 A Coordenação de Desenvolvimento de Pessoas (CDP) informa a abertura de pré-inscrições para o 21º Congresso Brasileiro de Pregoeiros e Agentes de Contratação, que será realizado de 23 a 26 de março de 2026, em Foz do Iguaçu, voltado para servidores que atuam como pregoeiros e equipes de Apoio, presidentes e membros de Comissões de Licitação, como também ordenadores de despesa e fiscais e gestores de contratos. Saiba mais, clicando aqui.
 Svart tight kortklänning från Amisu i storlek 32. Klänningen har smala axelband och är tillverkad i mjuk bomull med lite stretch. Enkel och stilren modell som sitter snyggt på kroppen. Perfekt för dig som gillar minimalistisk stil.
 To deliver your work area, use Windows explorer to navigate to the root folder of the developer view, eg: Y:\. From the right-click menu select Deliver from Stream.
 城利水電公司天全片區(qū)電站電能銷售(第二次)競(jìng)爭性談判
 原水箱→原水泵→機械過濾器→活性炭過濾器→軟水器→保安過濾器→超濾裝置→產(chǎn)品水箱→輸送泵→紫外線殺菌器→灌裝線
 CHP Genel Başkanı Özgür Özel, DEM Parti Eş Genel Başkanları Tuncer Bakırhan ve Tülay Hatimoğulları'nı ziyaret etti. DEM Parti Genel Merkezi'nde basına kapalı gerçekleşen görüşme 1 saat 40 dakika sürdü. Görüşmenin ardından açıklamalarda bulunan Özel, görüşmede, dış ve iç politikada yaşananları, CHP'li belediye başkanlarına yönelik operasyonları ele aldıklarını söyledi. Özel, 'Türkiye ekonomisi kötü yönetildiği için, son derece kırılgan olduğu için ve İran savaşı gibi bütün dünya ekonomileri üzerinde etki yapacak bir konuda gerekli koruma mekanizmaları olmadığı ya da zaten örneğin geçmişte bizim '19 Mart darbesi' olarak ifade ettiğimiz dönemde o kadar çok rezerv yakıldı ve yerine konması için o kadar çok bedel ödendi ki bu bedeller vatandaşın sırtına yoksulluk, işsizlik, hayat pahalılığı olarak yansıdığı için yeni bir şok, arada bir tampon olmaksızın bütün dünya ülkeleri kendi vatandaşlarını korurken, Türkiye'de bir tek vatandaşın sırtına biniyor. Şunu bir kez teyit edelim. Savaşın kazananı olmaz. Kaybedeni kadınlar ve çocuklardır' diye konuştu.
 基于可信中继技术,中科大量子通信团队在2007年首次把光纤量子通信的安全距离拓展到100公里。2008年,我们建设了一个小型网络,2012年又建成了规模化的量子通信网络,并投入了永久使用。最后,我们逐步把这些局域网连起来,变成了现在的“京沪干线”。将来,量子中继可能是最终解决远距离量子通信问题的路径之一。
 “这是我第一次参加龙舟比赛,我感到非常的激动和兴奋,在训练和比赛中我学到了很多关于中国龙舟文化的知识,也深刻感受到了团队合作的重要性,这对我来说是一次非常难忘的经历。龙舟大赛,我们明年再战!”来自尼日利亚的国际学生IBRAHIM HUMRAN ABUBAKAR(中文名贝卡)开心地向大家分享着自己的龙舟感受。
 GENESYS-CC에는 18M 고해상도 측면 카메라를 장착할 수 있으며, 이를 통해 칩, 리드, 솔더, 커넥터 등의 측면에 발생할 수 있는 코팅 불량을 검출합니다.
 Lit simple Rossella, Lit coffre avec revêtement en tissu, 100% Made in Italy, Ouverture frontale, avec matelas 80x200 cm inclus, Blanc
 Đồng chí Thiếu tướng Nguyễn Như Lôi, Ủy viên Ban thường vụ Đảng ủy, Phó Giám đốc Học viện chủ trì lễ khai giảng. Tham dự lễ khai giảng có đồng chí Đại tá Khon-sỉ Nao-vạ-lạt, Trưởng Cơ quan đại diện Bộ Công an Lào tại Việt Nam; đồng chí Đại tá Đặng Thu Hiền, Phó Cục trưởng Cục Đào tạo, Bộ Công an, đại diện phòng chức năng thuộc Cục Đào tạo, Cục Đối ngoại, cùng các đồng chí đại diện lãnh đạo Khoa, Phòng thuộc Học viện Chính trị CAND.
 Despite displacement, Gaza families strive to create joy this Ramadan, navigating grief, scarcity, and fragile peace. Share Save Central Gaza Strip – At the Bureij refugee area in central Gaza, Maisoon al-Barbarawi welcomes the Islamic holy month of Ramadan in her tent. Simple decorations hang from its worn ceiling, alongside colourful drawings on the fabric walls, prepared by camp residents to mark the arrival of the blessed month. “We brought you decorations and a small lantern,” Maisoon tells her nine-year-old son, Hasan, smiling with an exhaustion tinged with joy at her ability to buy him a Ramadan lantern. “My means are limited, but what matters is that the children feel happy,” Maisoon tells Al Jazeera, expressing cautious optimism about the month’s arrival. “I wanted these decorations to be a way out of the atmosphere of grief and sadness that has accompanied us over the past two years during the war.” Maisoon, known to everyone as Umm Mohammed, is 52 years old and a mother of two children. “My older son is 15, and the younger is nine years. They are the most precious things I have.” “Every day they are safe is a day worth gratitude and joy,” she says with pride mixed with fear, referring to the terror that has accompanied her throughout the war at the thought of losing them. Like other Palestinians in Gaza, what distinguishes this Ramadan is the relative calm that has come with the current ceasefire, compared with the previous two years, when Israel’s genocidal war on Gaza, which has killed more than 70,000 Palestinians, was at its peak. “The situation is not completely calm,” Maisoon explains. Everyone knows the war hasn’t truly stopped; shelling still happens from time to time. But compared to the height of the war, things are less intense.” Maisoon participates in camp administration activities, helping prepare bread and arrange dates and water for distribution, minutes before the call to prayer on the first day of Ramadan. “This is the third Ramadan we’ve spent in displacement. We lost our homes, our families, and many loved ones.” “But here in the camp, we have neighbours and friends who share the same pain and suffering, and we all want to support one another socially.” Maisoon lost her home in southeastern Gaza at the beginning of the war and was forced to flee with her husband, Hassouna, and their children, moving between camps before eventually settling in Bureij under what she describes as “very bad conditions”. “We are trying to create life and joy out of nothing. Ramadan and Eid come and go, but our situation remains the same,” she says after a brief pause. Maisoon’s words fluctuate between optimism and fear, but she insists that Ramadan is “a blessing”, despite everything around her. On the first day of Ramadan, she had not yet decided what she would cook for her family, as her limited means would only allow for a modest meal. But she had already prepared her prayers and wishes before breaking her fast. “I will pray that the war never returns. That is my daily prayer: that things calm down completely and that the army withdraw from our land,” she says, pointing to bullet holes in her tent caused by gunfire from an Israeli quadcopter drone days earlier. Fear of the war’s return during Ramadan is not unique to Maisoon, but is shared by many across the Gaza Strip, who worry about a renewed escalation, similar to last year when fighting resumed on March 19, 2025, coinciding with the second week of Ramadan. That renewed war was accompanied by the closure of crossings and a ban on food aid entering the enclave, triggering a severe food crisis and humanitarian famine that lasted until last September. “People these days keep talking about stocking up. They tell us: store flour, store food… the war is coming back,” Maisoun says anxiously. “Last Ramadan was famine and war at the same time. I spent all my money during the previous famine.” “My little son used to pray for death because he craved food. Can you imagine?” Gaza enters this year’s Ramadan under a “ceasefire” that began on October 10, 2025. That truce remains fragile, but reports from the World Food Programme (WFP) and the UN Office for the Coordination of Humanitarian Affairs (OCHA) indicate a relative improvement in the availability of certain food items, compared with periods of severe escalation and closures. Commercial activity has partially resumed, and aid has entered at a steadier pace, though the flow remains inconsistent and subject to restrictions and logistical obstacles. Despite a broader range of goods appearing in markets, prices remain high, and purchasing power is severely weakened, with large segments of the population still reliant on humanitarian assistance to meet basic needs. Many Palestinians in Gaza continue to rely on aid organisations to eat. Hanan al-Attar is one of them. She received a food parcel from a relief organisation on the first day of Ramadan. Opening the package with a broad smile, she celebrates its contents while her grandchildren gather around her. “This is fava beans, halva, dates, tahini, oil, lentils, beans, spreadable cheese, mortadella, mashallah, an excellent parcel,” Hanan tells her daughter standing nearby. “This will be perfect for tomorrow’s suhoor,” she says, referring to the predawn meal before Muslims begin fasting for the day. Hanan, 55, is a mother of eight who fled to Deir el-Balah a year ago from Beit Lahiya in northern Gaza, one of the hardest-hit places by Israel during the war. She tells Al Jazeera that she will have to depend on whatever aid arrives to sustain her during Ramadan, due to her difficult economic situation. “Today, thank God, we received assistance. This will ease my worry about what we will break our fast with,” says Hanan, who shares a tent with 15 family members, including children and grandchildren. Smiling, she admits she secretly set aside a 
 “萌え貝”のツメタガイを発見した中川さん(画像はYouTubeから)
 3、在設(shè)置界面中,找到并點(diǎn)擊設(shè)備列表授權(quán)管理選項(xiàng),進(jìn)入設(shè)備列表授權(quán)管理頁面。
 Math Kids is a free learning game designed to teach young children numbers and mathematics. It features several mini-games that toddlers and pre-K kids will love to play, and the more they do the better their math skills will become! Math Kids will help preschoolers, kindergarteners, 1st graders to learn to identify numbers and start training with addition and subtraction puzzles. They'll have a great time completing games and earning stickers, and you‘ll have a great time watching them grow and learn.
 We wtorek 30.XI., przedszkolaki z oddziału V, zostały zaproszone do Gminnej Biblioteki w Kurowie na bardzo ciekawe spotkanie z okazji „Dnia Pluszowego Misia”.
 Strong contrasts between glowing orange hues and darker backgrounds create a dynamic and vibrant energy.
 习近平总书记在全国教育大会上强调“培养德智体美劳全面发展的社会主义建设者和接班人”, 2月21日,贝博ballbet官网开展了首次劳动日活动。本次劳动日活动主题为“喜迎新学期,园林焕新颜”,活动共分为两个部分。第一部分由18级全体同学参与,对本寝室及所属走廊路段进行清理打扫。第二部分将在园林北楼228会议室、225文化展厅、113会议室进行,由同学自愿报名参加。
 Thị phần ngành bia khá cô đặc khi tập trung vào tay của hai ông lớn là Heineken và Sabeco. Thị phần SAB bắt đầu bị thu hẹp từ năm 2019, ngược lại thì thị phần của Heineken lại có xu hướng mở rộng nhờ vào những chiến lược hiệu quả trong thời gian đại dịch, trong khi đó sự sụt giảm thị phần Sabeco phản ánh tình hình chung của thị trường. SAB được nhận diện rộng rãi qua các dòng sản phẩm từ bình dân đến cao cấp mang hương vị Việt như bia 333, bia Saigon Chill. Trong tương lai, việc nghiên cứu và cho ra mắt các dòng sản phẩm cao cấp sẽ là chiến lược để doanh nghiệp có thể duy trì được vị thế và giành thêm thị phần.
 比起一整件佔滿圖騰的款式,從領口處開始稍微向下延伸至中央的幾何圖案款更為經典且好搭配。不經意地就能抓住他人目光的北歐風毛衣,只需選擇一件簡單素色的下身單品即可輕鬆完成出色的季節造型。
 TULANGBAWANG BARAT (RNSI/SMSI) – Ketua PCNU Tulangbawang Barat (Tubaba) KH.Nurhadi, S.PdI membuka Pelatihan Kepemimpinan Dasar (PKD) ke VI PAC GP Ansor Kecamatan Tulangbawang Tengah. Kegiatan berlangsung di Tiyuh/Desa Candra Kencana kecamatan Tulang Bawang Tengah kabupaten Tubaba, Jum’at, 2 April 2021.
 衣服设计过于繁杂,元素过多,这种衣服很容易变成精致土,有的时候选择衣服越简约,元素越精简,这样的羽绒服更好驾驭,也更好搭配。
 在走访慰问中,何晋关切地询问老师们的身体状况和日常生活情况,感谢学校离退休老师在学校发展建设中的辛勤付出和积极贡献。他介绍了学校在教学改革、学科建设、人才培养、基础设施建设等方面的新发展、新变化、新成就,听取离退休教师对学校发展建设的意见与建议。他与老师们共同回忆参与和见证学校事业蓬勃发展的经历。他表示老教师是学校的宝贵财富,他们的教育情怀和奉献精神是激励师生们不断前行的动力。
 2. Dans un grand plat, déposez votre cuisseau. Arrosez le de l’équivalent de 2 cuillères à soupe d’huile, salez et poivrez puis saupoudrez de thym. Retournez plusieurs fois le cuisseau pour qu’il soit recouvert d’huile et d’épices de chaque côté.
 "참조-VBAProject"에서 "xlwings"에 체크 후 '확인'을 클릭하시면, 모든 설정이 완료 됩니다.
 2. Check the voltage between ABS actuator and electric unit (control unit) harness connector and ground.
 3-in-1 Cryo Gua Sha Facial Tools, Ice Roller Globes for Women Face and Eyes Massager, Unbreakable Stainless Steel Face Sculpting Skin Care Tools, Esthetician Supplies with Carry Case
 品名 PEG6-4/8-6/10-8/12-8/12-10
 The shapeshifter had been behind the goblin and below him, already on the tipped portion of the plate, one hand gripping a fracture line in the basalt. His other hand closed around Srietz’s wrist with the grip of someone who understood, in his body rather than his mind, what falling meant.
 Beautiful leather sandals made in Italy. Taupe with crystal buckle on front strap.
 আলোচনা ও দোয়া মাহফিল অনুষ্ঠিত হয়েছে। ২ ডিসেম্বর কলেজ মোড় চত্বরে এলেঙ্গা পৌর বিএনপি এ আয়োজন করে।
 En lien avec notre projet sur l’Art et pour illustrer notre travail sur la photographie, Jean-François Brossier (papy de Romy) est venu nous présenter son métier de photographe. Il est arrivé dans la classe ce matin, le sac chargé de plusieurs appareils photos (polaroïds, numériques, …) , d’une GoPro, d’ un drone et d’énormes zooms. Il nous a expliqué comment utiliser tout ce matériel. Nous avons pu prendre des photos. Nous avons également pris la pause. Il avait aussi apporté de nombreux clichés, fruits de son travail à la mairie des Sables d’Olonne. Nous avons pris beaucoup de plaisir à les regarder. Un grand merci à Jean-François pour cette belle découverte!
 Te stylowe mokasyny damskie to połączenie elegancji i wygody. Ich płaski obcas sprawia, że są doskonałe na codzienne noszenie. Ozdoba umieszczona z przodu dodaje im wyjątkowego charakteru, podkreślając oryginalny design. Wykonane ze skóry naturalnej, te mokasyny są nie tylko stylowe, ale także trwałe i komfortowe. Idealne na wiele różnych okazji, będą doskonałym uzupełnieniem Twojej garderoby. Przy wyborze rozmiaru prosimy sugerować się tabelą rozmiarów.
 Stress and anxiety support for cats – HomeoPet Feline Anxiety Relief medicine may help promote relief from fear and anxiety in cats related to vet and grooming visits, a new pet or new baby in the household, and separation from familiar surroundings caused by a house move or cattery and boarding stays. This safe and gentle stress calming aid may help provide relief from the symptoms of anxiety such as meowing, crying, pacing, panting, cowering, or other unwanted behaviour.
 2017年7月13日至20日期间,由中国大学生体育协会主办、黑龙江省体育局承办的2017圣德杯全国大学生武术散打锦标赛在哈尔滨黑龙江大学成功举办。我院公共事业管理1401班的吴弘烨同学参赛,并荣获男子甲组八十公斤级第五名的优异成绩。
┄┄┄┄┄┄┄┄┄┄┄┄┄┄┄┄┄┄┄┄
# [What is needed]
Retype, exactly and in full, the lines above from the one containing "2. Dans un grand" through the one containing "설정이 완료 됩니다.".

# [Answer below]
 2. Dans un grand plat, déposez votre cuisseau. Arrosez le de l’équivalent de 2 cuillères à soupe d’huile, salez et poivrez puis saupoudrez de thym. Retournez plusieurs fois le cuisseau pour qu’il soit recouvert d’huile et d’épices de chaque côté.
 "참조-VBAProject"에서 "xlwings"에 체크 후 '확인'을 클릭하시면, 모든 설정이 완료 됩니다.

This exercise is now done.